AVAILABLE RECORDS: Begin

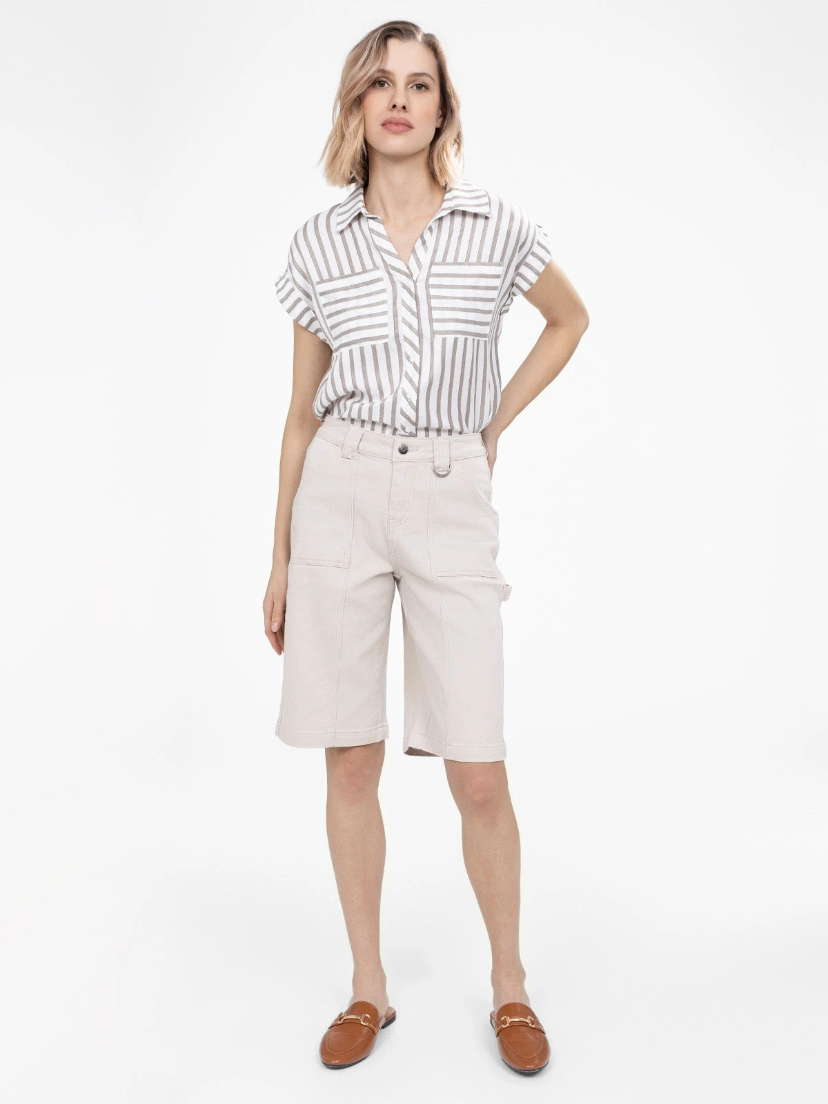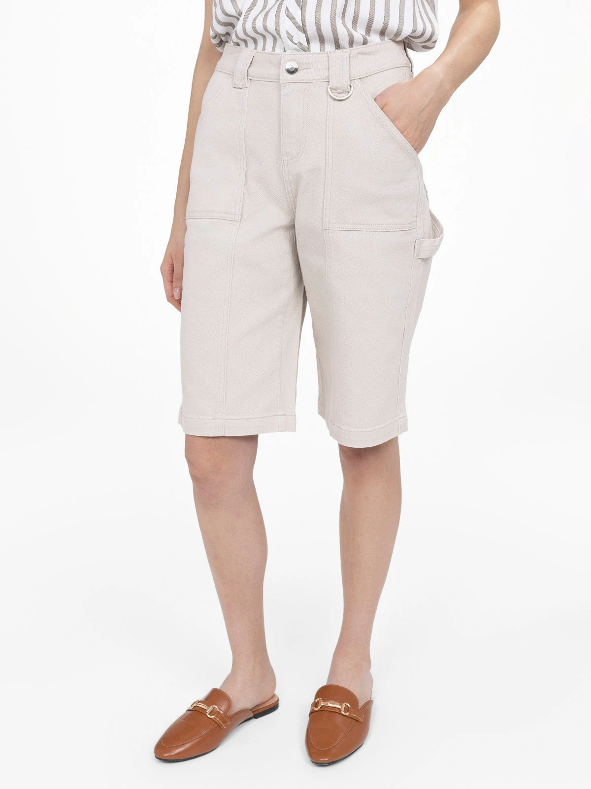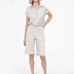 Ce short revisite l’esprit utilitaire avec ses grandes poches plaquĂ©es et son passant latĂ©ral inspirĂ© des pantalons cargo. Sa coupe droite structurĂ©e et sa matiĂšre rĂ©sistante en font un alliĂ© parfait pour un style pratique et tendance.
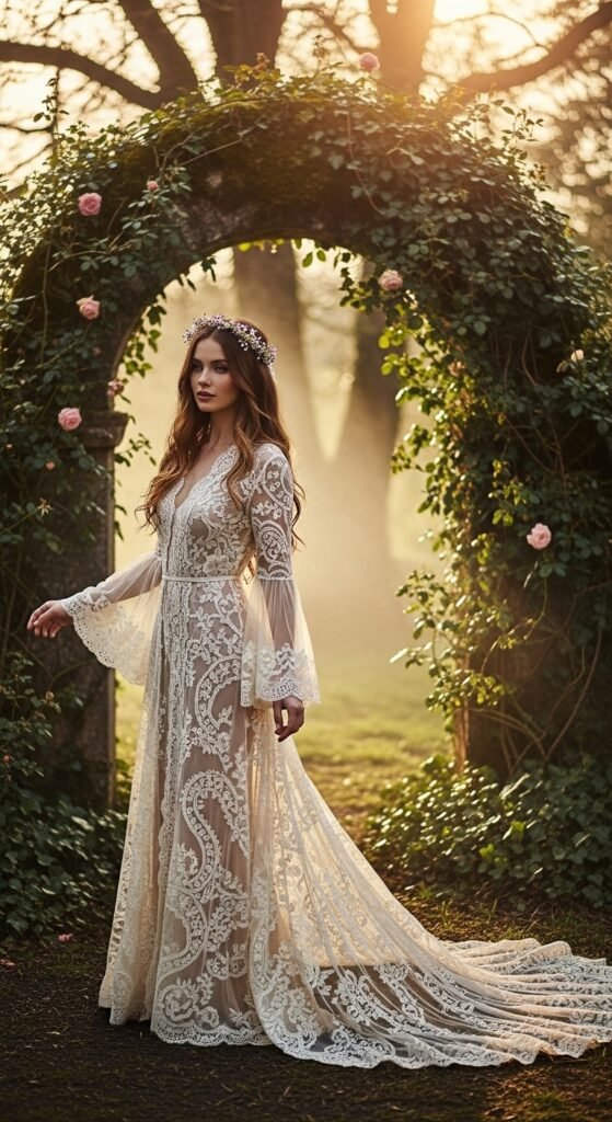 12. Lace Robes With Sheer Panels for a Fairytale Moment
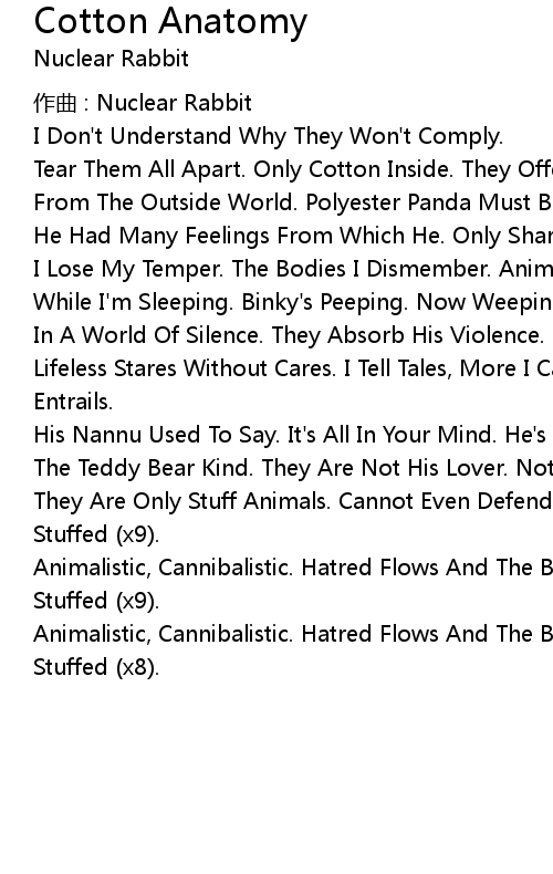 | Lifeless Stares Without Cares. I Tell Tales, More I Can' t Bare. Stuffing Entrails. | |
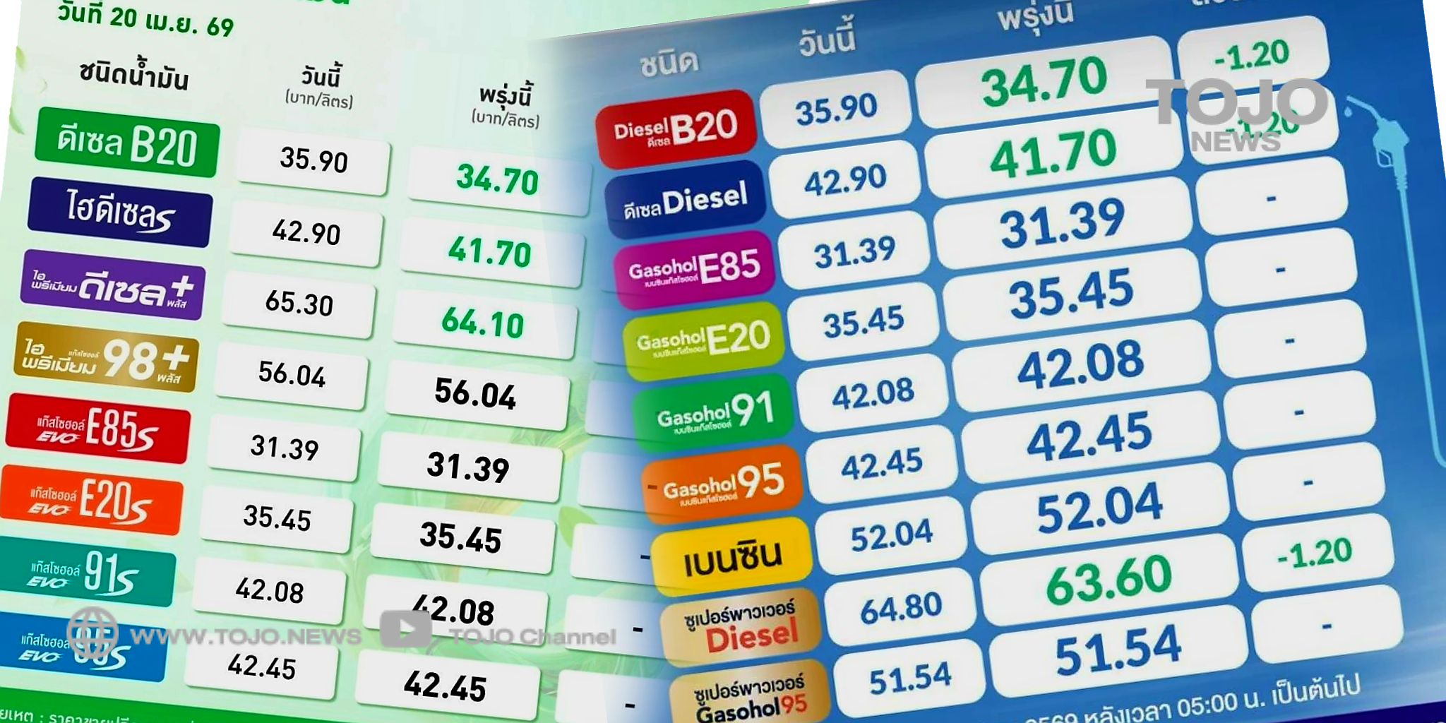 ผู้สื่อข่าวโตโจ้นิวส์รายงานว่า PTT Station – บางจาก ปรับราคาขายปลีกน้ำมัน กลุ่มดีเซลทุกชนิด ลดลง 1.20 บาทต่อลิตร ส่วนน้ำมันชนิดอื่นคงเดิม มีผล 21 เม.ย. 2569 เวลา 05.00 น. เป็นต้นไป
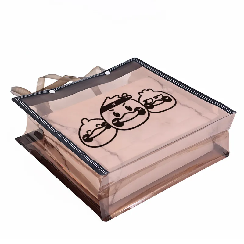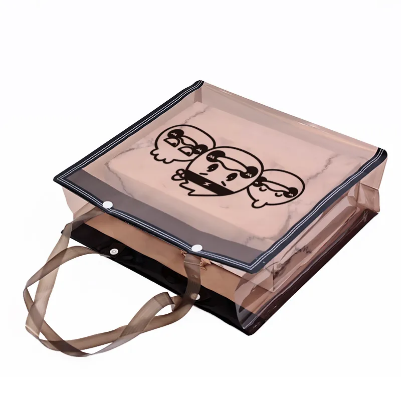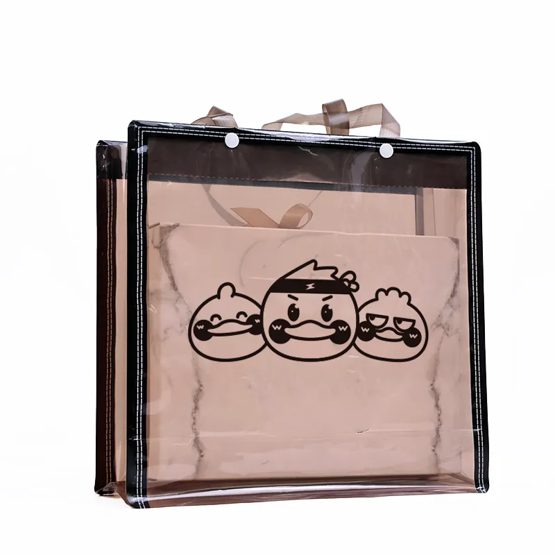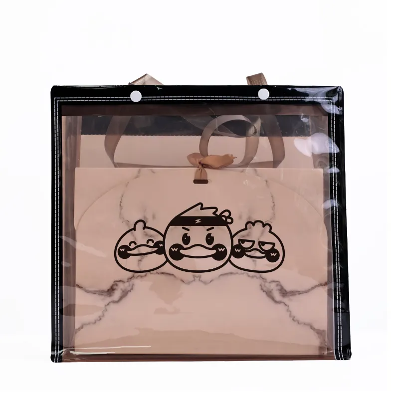 This transparent clear bag combines a sleek modern design with practical functionality. Crafted from high-quality PVC material with reinforced edges for enhanced durability, it features a unique graphic design to add a touch of personality. The transparent exterior allows for easy viewing of the contents, making it ideal for gift packaging, event promotions, shopping, and everyday use. Customization options are available, making it perfect for wholesale needs.
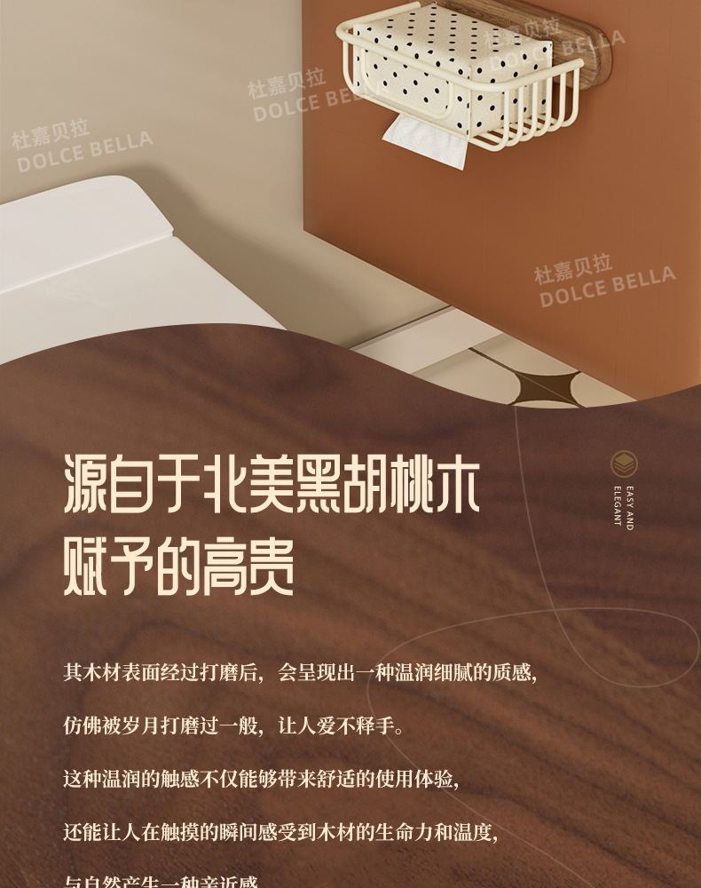 ウォールナットロールペーパーラックバスルーム収納ラック収納バスケットトイレットペーパーホルダーパンチフリーバスルームトイレットペーパーボックス
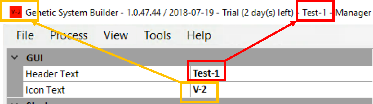 What you put in the “Icon Text” appears in the Icon section on the Top left, it helps if you have numerous GSB on the same PC.
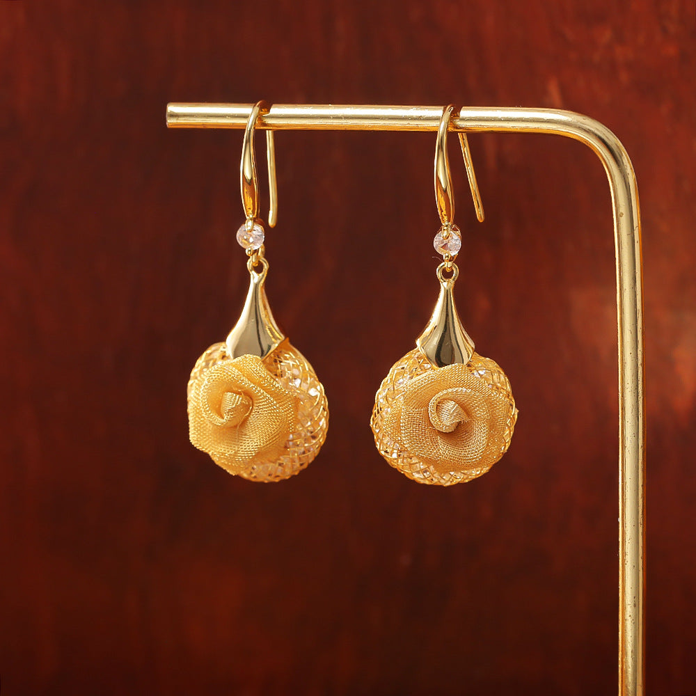 Mesh Rose Earrings|The Romantic Choice of Warm Retro
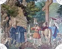 Margrave Diepold III of Vohburg-Cham meets his former friend Gerwig as hermit in the woods. Fresco in 1698, in the Waldsassen Abbey
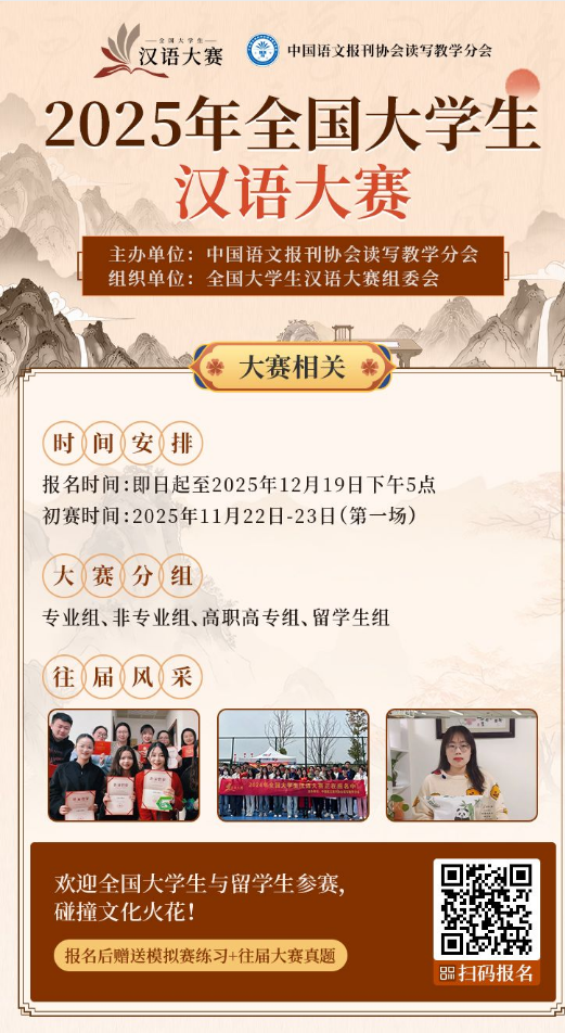为贯彻落实党的二十大精神及中共中央办公厅、国务院办公厅印发的《国家中长期教育改革和发展规划纲要》《国家通用语言文字法》等国家语言文字方针政策,推动当代大学生汉语文化素质不断进步,提高全国各高校对大学生汉语教育的重视程度,为所有热爱汉语、热爱中国文化的中外大学生搭建展示汉语水平、交流汉语学习经验的平台,中国语文报刊协会读写教学分会继续面向全国大学生举办“2025年全国大学生汉语大赛”,欢迎广大学子踊跃参加。

AVAILABLE RECORDS: End

* YOUR ASSIGNMENT
All of the records must come back exactly as they stand, minus every picture.

* RESPONSE
 Ce short revisite l’esprit utilitaire avec ses grandes poches plaquĂ©es et son passant latĂ©ral inspirĂ© des pantalons cargo. Sa coupe droite structurĂ©e et sa matiĂšre rĂ©sistante en font un alliĂ© parfait pour un style pratique et tendance.
 12. Lace Robes With Sheer Panels for a Fairytale Moment
 | Lifeless Stares Without Cares. I Tell Tales, More I Can' t Bare. Stuffing Entrails. | |
 ผู้สื่อข่าวโตโจ้นิวส์รายงานว่า PTT Station – บางจาก ปรับราคาขายปลีกน้ำมัน กลุ่มดีเซลทุกชนิด ลดลง 1.20 บาทต่อลิตร ส่วนน้ำมันชนิดอื่นคงเดิม มีผล 21 เม.ย. 2569 เวลา 05.00 น. เป็นต้นไป
 This transparent clear bag combines a sleek modern design with practical functionality. Crafted from high-quality PVC material with reinforced edges for enhanced durability, it features a unique graphic design to add a touch of personality. The transparent exterior allows for easy viewing of the contents, making it ideal for gift packaging, event promotions, shopping, and everyday use. Customization options are available, making it perfect for wholesale needs.
 ウォールナットロールペーパーラックバスルーム収納ラック収納バスケットトイレットペーパーホルダーパンチフリーバスルームトイレットペーパーボックス
 What you put in the “Icon Text” appears in the Icon section on the Top left, it helps if you have numerous GSB on the same PC.
 Mesh Rose Earrings|The Romantic Choice of Warm Retro
 Margrave Diepold III of Vohburg-Cham meets his former friend Gerwig as hermit in the woods. Fresco in 1698, in the Waldsassen Abbey
为贯彻落实党的二十大精神及中共中央办公厅、国务院办公厅印发的《国家中长期教育改革和发展规划纲要》《国家通用语言文字法》等国家语言文字方针政策,推动当代大学生汉语文化素质不断进步,提高全国各高校对大学生汉语教育的重视程度,为所有热爱汉语、热爱中国文化的中外大学生搭建展示汉语水平、交流汉语学习经验的平台,中国语文报刊协会读写教学分会继续面向全国大学生举办“2025年全国大学生汉语大赛”,欢迎广大学子踊跃参加。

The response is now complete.